Controversial language removing some state agencies from Personnel Board oversight for one year is going nowhere in the House. Senate leaders and Gov. Haley Barbour want a bill that gives agency directors the ability to hire and fire employees more quickly, though labor unions say the bill actually served to remove state employees from protection.

Mississippi Alliance of State Employees President Brenda Scott said the language removing state employee protection keeps changing its face as it repeatedly attempts to tip-toe into the House.

"It started out as SB 2680, then died in committee on the House side, so they amended HB 609—the hiring freeze bill—and that didn't work. Then, in the Senate, they amended the Marine Resources bill to include that language. Until they go home, everything is on the table, so we have to keep our eye on it," Scott said.

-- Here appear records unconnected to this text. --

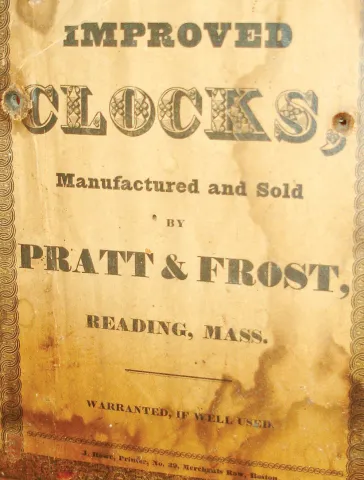 Pratt & Frost, Reading, Mass., 30 hour, time and strike, wood movement, "Groaner" half column and splat shelf clock, 2-wt c1833 Mahogany veneered case in an old finish with some veneer repairs on the base and remains of the original stenciling on the columns. The top has been restored. Original painted dial with areas of loss on the upper half. Hands are original. Nice label inside the case. Ht 35"
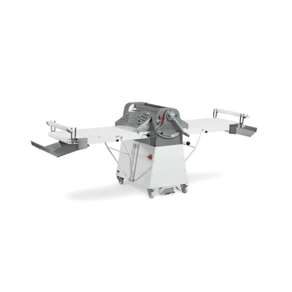 Габариты: 3690x1060x1170 мм, напряжение 380В, мощность 750Вт, установка напольная, вариатор скорости, ширина рабочей поверхности 600 мм, ширина раскатки 600 мм, длина крыла 1400 мм, диаметр валков 80 мм, максимальный зазор между валками 50 мм, скорость вводной конвейерной ленты 6, 18,9 м/мин, скорость выводной конвейерной ленты 9,4, 29,5 м/мин. Лоток для муки. Реверс валков с помощью ножной педали и джойстика управления. Корпус выполнен из окрашенной стали, валки – из хромированной стали, защитные решётки – из нержавеющей стали, верхняя крышка – из пластика.
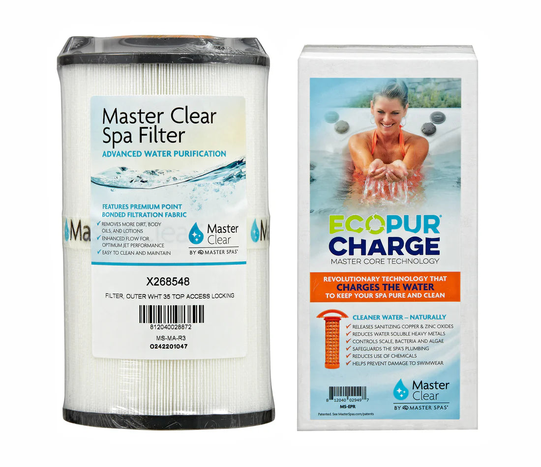 The EcoPur® Charge Filter Set is made for model-year 2024 and later hot tubs. These filters are designed to remove heavy metals, scum, algae, and particulates from your spa for a clean and relaxing experience. Included in the set are the EcoPur® Charge filter and one large skimming filter.
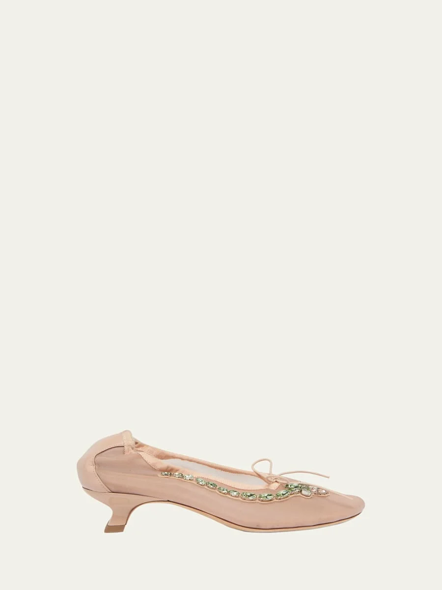 Simone Rocha ballerina flats in flowerembellished mesh polyester 1.50 in / 40 mm kitten heel Round toe Bow at vamp Slipon style Leather outsole Lining: Leather Made in Portugal
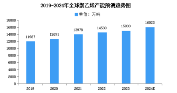 全球聚乙烯產(chǎn)能處于擴(kuò)張期,產(chǎn)能增長(zhǎng)主要集中在亞洲。2023年全球新增聚乙烯產(chǎn)能503萬(wàn)噸,產(chǎn)能整體約為2730萬(wàn)噸,同比增長(zhǎng)10.08%。2024年全球聚乙烯產(chǎn)能將達(dá)2958萬(wàn)噸。

The Legislature passed SB 2051 to deal with fiscal year 2007 budget shortfalls, such as the more than $70 million shortfall in Medicaid, but the House and Senate are having a hard time working out funding for Medicaid in the next fiscal year. The state program is facing more than $160 million in red ink in 2008, and the Senate and House can't wrap their heads around any one revenue increase.

A majority of the House is still pushing for a $1 increase in the state's tax on a pack of cigarettes, though Barbour—a former tobacco lobbyist—opposes it.

The Senate had pushed for a daily tax on patients occupying hospital beds, though the cigarette-tax-versus-patient-tax battle is in limbo—and with bill deadlines passed, will likely need a special session—while the Senate fights with the House over the efficiency of the state's face-to-face eligibility requirement for Medicaid.

Medicaid officials say the state's practice of forcing Medicaid recipients to show up in person to re-certify their Medicaid eligibility has saved the state more than $200 million through fraud reduction. House members say the department has spent unknown amounts of money on hiring new employees to meet with recipients, and that the vast majority of people booted off Medicaid by the tactic actually do qualify for Medicaid and only wind up successfully reapplying for it a few weeks later.

The Senate scrapped a House bill that did away with face-to-face on Tuesday, saying the language did not belong in an appropriation bill, though the move forces Lt. Gov. Phil Bryant to call senators back Tuesday night to continue a battle over the issue on into the wee hours.